Analogue cheeses were prepared with a Stephan twin-screw cooker (Stephan Machinery, Hameln, Germany). The processed cheese cooker was preheated to 80°C for 1 min; then, control or SCS–SPP (92:8)-modified MPC80, distilled water, starch, colour and flavour agents, and ES were added to the cooker and mixed at 50 rpm for 40 s at room temperature. During mixing, a minute amount of critic acid was added to adjust the pH of the final product to approximately 6.0. After mixing, the cheese was stirred at 100 rpm and continued to heat to 95°C by direct steam injection. The holding time at 95°C was 2 min. Samples were cooled to 50°C and poured into 0.5-kg pouches. Then, the analogue cheeses were stored at 4°C.^[10] The images of analogue cheeses were taken after the cheeses were cooled to 50°C (Fig. 9a and 9b).

Statistical analyses

Besides preparation of analogue cheeses, all the determinations were performed in duplicate, and each value represents the mean of two measurements from two independent treatments. The effect of ES treatment on the tested parameters was determined by ANOVA using statistical analyses with SPSS for Windows version 18.0 (SPSS Inc., Chicago, IL, USA). An alpha level of 0.05 (p < 0.05) was used to determine significance. Values that are statistically different are indicated by different superscripts.

Results and discussion

Composition of MPC80 powders

Table 2 summarizes the composition of the MPC80 powders. We found no differences in the compositional parameters upon the addition of ES, except for total Ca and ash contents (p > 0.05). As expected, the total Ca concentration was lower in ES-treated powders than that in the control. Moreover, the Ca content of ES blends-fortified MPCs was significantly lower than the single-ES samples (p < 0.05). Different proportions of SCS and SPS blends presented the Ca content range from 1.32 g/100 g to 1.38 g/100 g.

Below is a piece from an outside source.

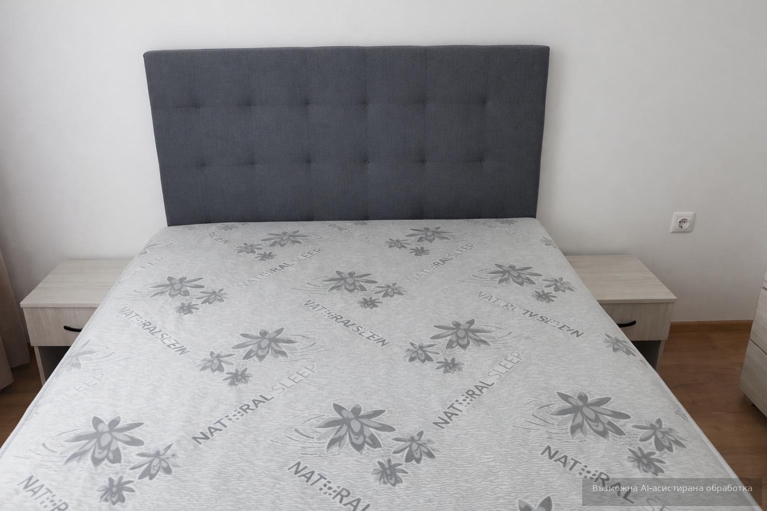Функционалното разпределение включва коридор, хол с кухненски бокс, спалня и баня с тоалетна. Апартаментът е напълно обзаведен и се отоплява на ток. Месечният наем е 650 EUR, подходящ за двойка или индивидуално настаняване.

Eshpari H. et al.^[11] showed that the acidification of milk by glucono-δ-lactone (GDL) before UF can significantly decrease the Ca content of MPC80 powders. Most of the calcium ions in MPC80 solutions are bound to phosphoserine residues or colloidal calcium phosphate (CCP) complexes. The added chelator competes with the phosphoserine residues and CCP in the CN micelle for the calcium ions and then forms the soluble Ca salts, which could be removed during UF or DF processing.^[12]

MPCs treated with different ratios of SPP and SPS blends resulted in the rapid gelation of the milk and the infeasible production of MPC. In the previous study, Clausi^[13] reported that a combination of SPP and SPS can be used to create instant milk pudding. The addition of SPS acted as an accelerator for the gelation to occur within 10 min, whereas gelation of milk took several hours with the use of SPP alone. One possible explanation was the bridging of Ca pyrophosphate complexes and CN by SPS.^[14]

Particle size determination

During MPC80 rehydration, subsamples were taken periodically and added into the stirred vessel to measure their particle size (D50) (Fig. 1a). After dissolving for 10 min, particle size (D50) of control MPC80 was 33 μm, which decreased to 20.67 μm for the addition of SPS. Particle swelling was observed during the first 60 min after powder dissolution. Reconstitution or dissolution of food powder generally consists of four steps or phases: wetting of powder particles, sinking, dispersing, and complete particle dissolution. The dissolution process generally occurs in the sequence as indicated above.^[15] Particle size increased during the wetting and sinking stages. Figure 1b clearly shows that during the first 60 min the particles tended to swell. We attributed this phenomenon to the wetting and sinking stages.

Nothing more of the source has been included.